- Date: 25 – 31 May
- Edition: 13th
- Surface: Clay
- Location: Košice, Slovakia

Champions

Singles
- Kilian Feldbausch

Doubles
- Miloš Karol / Nino Serdarušić
- ← 2014 · Košice Open · 2027 →

= 2026 Košice Open =

The 2026 Košice Open was a professional tennis tournament played on clay courts. It was the 13th edition of the tournament which was part of the 2026 ATP Challenger Tour. It took place in Košice, Slovakia between 25 and 31 May 2026.

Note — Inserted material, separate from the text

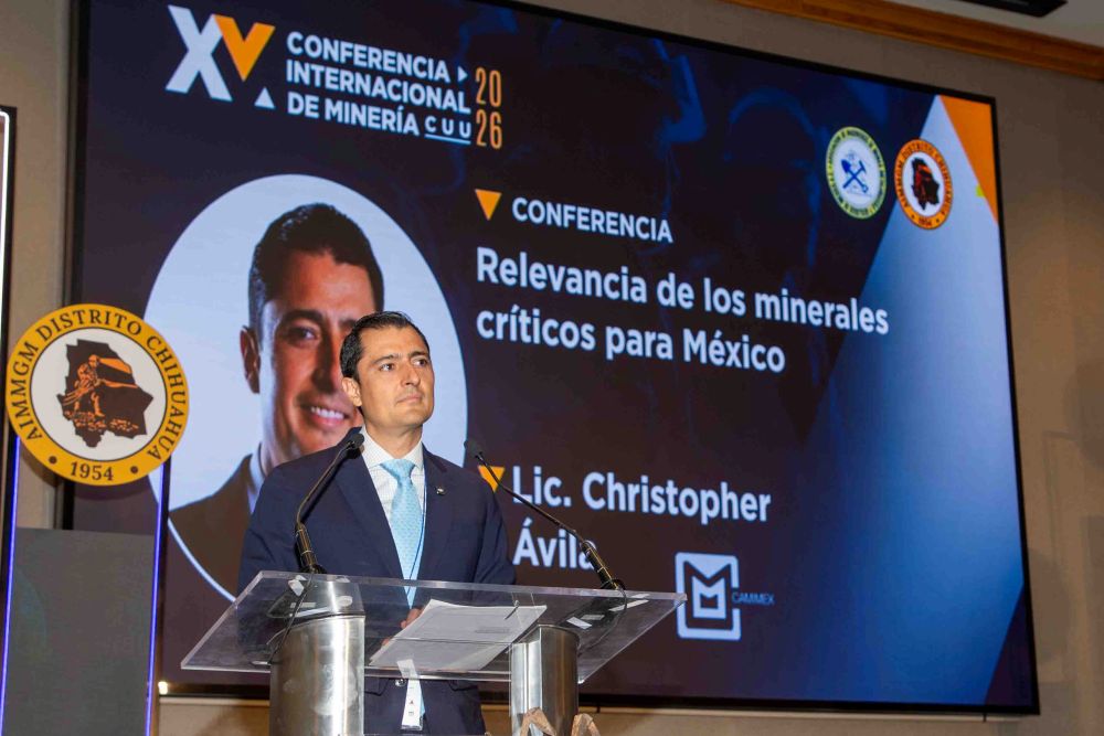 Chihuahua, Chih., 23 de abril de 2026.– En el marco de la XV Conferencia Internacional de Minería Chihuahua 2026, organizada por la AIMMGM Distrito Chihuahua, Christopher Ávila Mier, presidente de la Comisión de Enlace Legislativo de la Cámara Minera de México (CAMIMEX), presentó la conferencia “Relevancia de los minerales críticos para México: predefiniendo el panorama del sector minero en una nueva geopolítica”.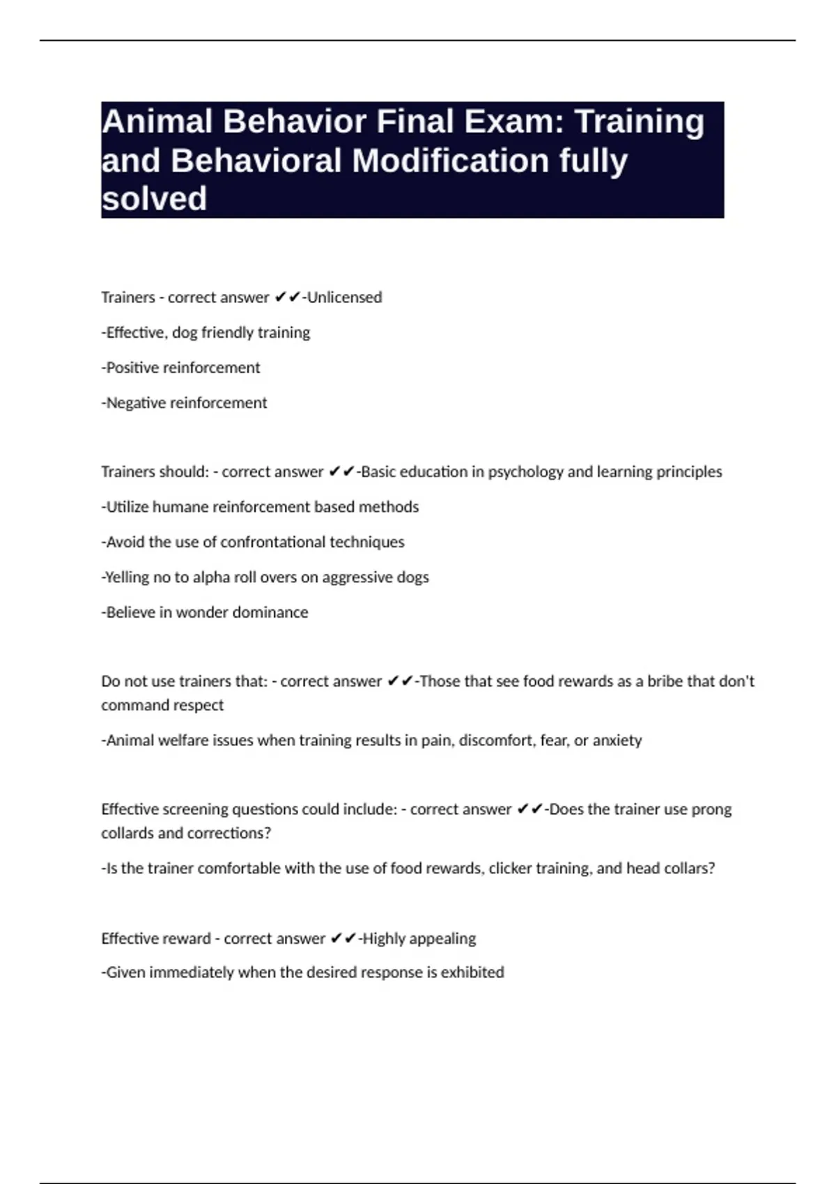 Animal Behavior Final Exam: Training and Behavioral Modification fully solved

==Singles main-draw entrants==
===Seeds===

| Country | Player | Rank^{1} | Seed |
|---|---|---|---|
| GBR | Jay Clarke | 199 | 1 |
| BEL | Gilles-Arnaud Bailly | 208 | 2 |
| URU | Franco Roncadelli | 227 | 3 |
| ARG | Guido Iván Justo | 249 | 4 |
| USA | Stefan Dostanic | 266 | 5 |
| CZE | Martin Krumich | 293 | 6 |
| USA | Dali Blanch | 296 | 7 |
| CZE | Hynek Bartoň | 304 | 8 |

- ^{1} Rankings are as of 18 May 2026.

===Other entrants===
The following players received wildcards into the singles main draw:
- SVK Jozef Kovalík
- SVK Michal Krajčí
- SVK Lukáš Pokorný

The following player received entry into the singles main draw as an alternate:
- SVK Andrej Martin

The following players received entry from the qualifying draw:
- MAR Karim Bennani
- POL Tomasz Berkieta
- HUN Péter Fajta
- BUL Ivan Ivanov
- BRA Pedro Sakamoto
- BRA Paulo André Saraiva dos Santos

==Champions==
===Singles===

- SUI Kilian Feldbausch def. CZE Martin Krumich 6–0, 4–6, 6–4.

===Doubles===

- SVK Miloš Karol / CRO Nino Serdarušić def. SVK Lukáš Pokorný / CZE David Poljak 5–7, 7–6^{(7–4)}, [10–5].